Dorothy CROSS, Appellee.

No. 86-2589.

District Court of Appeal of Florida, Third District.

January 26, 1988.
On Rehearing December 27, 1988.

Robert A. Butterworth, Atty. Gen., and Julie S. Thornton, Asst. Atty. Gen., for appellant.

Bennett H. Brummer, Public Defender, and N. Joseph Durant, Jr., Asst. Public Defender, for appellee.

Before HUBBART, FERGUSON and JORGENSON, JJ.

On Rehearing En Banc December 27, 1988.

FERGUSON, Judge.

The State appeals from an order granting a defendant's motion to suppress.

At approximately 8:00 A.M., on July 3, 1986, Detectives Fernandez and Facchiano of the Metro-Dade narcotics squad entered the Miami Amtrak Station. Detective Fernandez testified that he noticed the defendant, Dorothy Cross, "perk up" and watch him as he walked around the station. *283 Twenty minutes later a boarding call was announced. Cross presented her ticket to the conductor who called out her South Carolina destination. Detective Fernandez allegedly became suspicious of Cross because of the small amount of luggage she carried — a small suitcase and handbag. As Cross walked to the loading platform to board, the two officers stopped her, identified themselves as narcotics officers, and asked her to speak with them. Cross agreed. Detective Fernandez asked permission to search her suitcase, advising her that she did not have to consent if she did not want to. Cross responded, "No, it's OK." The officers looked through the suitcase and removed several items of women's clothing including a black slip. Unfolding the black slip, they found a hard, baseball-shaped object wrapped in brown tape.

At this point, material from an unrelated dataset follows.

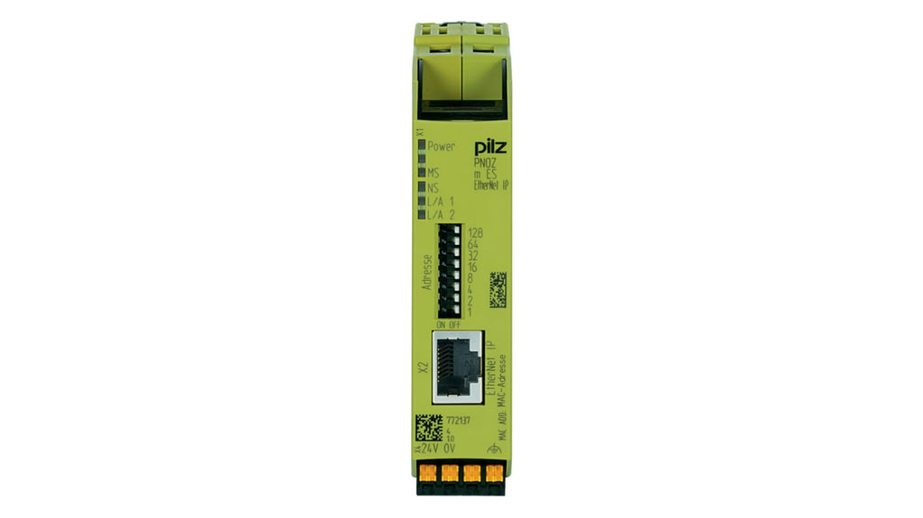 Modulo di comunicazione EtherNet/IP per sistema di controllo PNOZmulti 2, tensione di alimentazione 24 V c.c., montaggio su guida DIN, dimensioni 101,4 x 22,5 x 110,4 mm. Supporta velocità di trasmissione 10 Mbps e 100 Mbps, 128 ingressi e uscite virtuali, interruttore a 2 porte, DLR, server web integrato. Certificazioni CE, cULus, TÜV, BG, CCC. Fornito con morsetti a vite.

At the suppression hearing, Detective Fernandez testified that when he found the ball he immediately placed Cross under arrest and took her to the police station, where cocaine was discovered inside the ball. Inconsistently, Detective Facchiano testified that upon finding the hard ball, Detective Fernandez took out a knife, cut into the ball, discovered cocaine, and then arrested Cross. In view of the conflicting testimony, the trial court suppressed the evidence on the basis of two alternative theories. First, assuming Officer Facchiano's recollection of events was correct, the action of the officer in cutting into the wrapped ball exceeded the scope of Cross's consent. Second, assuming Detective Fernandez's version was accurate, finding the wrapped ball did not constitute probable cause to arrest Cross. We agree.

The settled rule governing review of a trial court's decision on a motion to suppress is that the ruling "comes to this court with a presumption of correctness [and] ... a reviewing court should not substitute its judgment for that of a trial court, but, rather, should defer to the trial court's authority as a factfinder." Wasko v. State, 505 So.2d 1314, 1316 (Fla. 1987); DeConingh v. State, 433 So.2d 501 (Fla. 1983), cert. denied, 465 U.S. 1005, 104 S.Ct. 995, 79 L.Ed.2d 228 (1984); Rodriquez v. State, 189 So.2d 656 (Fla. 3d DCA 1966), cert. denied, sub. nom. Suarez v. Florida, 389 U.S. 848, 88 S.Ct. 66, 19 L.Ed.2d 116 (1967). See also State v. Battleman, 374 So.2d 636 (Fla. 3d DCA 1979), and cases collected therein.

The trial judge saw the witnesses, heard all the testimony, and rejected the State's arguments, ruling that the search exceeded the scope of consent, that there was no probable cause to engage in the greater intrusion of cutting open the ball, and that there was no probable cause to arrest Cross upon finding the wrapped ball. Applying his common sense wisdom, the judge rejected the officer's characterization of the taped package as "suspicious," ruling:

An object which is hard, the size of a baseball and wrapped in tape is not an inherently suspect item. It is not any more suspect when it is found in a tote bag at a train station. Unless, of course, every object wrapped in tape is suspect. Without more it does not prove probable cause to arrest a person. There was nothing more in this case.

In recent months several cases have come before courts in this state chronicling the detention of travelers by narcotic interdiction officers and the seizure of "suspicious" items in their possession. These items have included: a gift-wrapped package, an oblong package, a soft or malleable package, a manila package, a tobacco pouch, a cosmetic bag, a medication container, and fruit.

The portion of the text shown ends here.